This repository is dedicated to publishing ex-ante predictions (with probability estimates) for tennis matches using a graph neural network model.
The model is currently stored in a private repository with commit hash: 0cf9599df962333a3b42bf6b1546816e720b2b4b
This repository will serve as a demonstration of our model, with no possiblity of lookahead-bias, for the forthcoming paper:
Tennis match outcome prediction using temporal directed graph neural networks,
available at 11th MathSport International Conference Proceedings 2025.
Final Results:
| Model | Accuracy | Brier Score | ROI (Unit) | ROI (Kelly) |
|---|---|---|---|---|
| PS | 0.691 | 0.198 | -0.024 | 0.000 |
| GNN | 0.641 | 0.225 | 0.058 | 0.023 |
| WElo | 0.646 | 0.214 | 0.007 | 0.010 |
| Bradley Terry | 0.639 | 0.223 | 0.006 | 0.010 |
README.md: This file, providing an overview of the project.preds.csv: CSV file containing all model predictions.data/: Directory containing data files.pnl_3masters.svg: SVG image file, displaying cumulative profit and loss (PNL).atp.csv: Training data, updated at end of each tournament.atp3tourns.csv: Matches from the first 3 tournaments.men.csv: Player features, to be used for node features.
helpers/: Directory containing helper scripts.evaluate_predictions.py: Script for calculating accuracy statistics and profit and loss.merge.py: Script to merge new atp data with prediction file.update_preds_with_ps.py: Script to update preds.csv with ps_prob calculated from PSA and PSB.
- A and B state players names with random assignment.
- Awin: contains binary indicators of whether A won or not (1 or 0).
- PSA and PSB: The listed odds from Pinnacle Sports for players A and B respectively. Odds are obtained from tennis-data.co.uk.
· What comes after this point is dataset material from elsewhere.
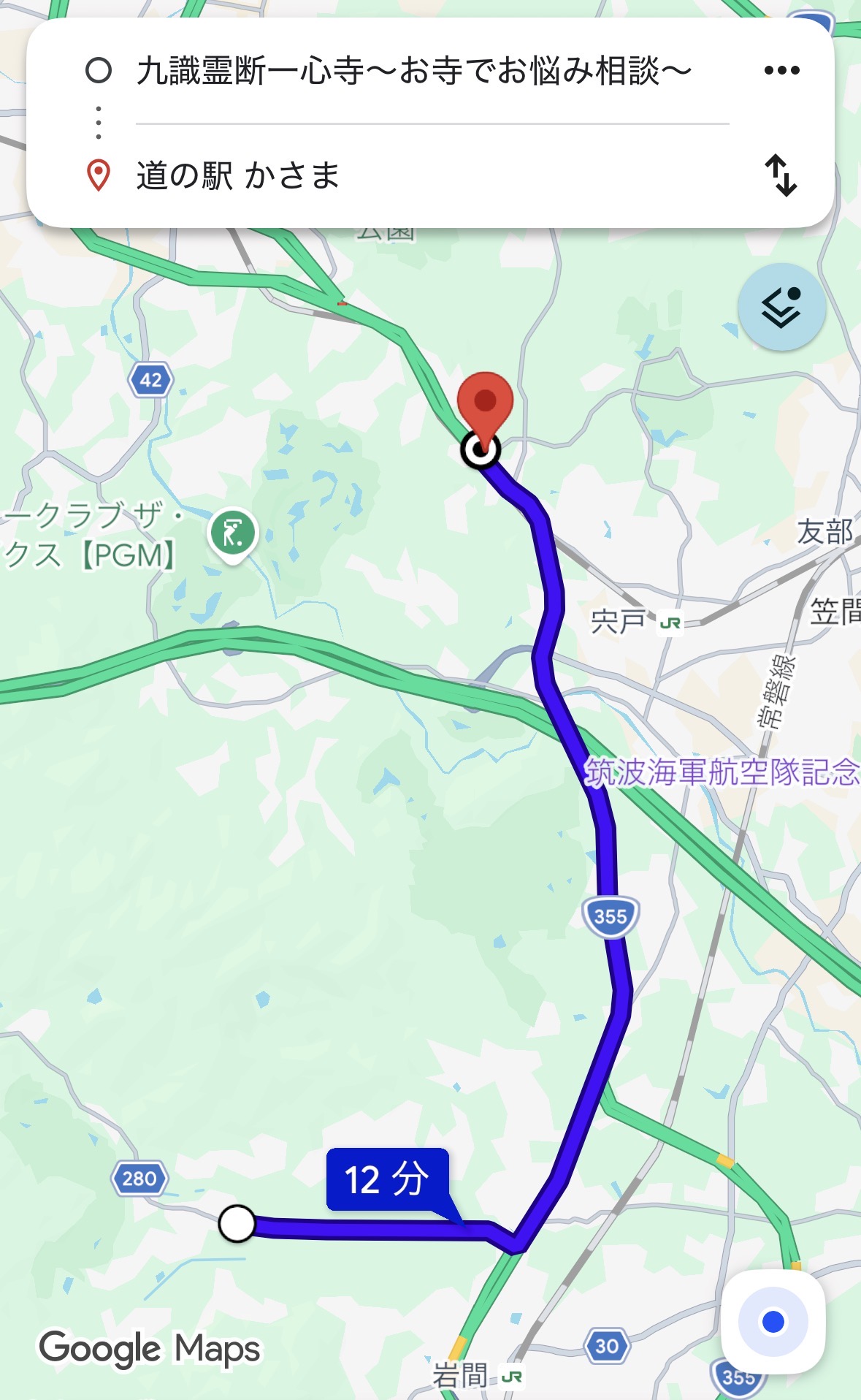 一心寺から道の駅かさままでは、車でおよそ12分ほどです。

- ps_prob: The odds-implied probability for player A, estimated using Shin's method [3, 4].
- model_prob: Our model's estimated probability for player A to win against player B.
- welo_prob: The probability of player A winning against player B calculated with Weighted Elo [1].
- bt_prob: The probability of player A winning against player B calculated with a Bradley Terry model [2].
The predictions will cover every main-draw event from all Grand Slam and ATP Masters 1000 tournaments held on Clay courts starting with the Monte-Carlo Masters and ending with the French Open, also known as Roland-Garros:
- Monte Carlo Masters (ATP Masters 1000): April 6 - April 13, 2025
- Madrid Open (ATP Masters 1000): April 21 - May 4, 2025
- Rome Masters (ATP Masters 1000): May 7 - May 18, 2025
- Roland Garros (Grand Slam): May 25 - June 8, 2025
- Match Predictions: We will provide forecasts for upcoming tennis matches, including probability estimates for each outcome.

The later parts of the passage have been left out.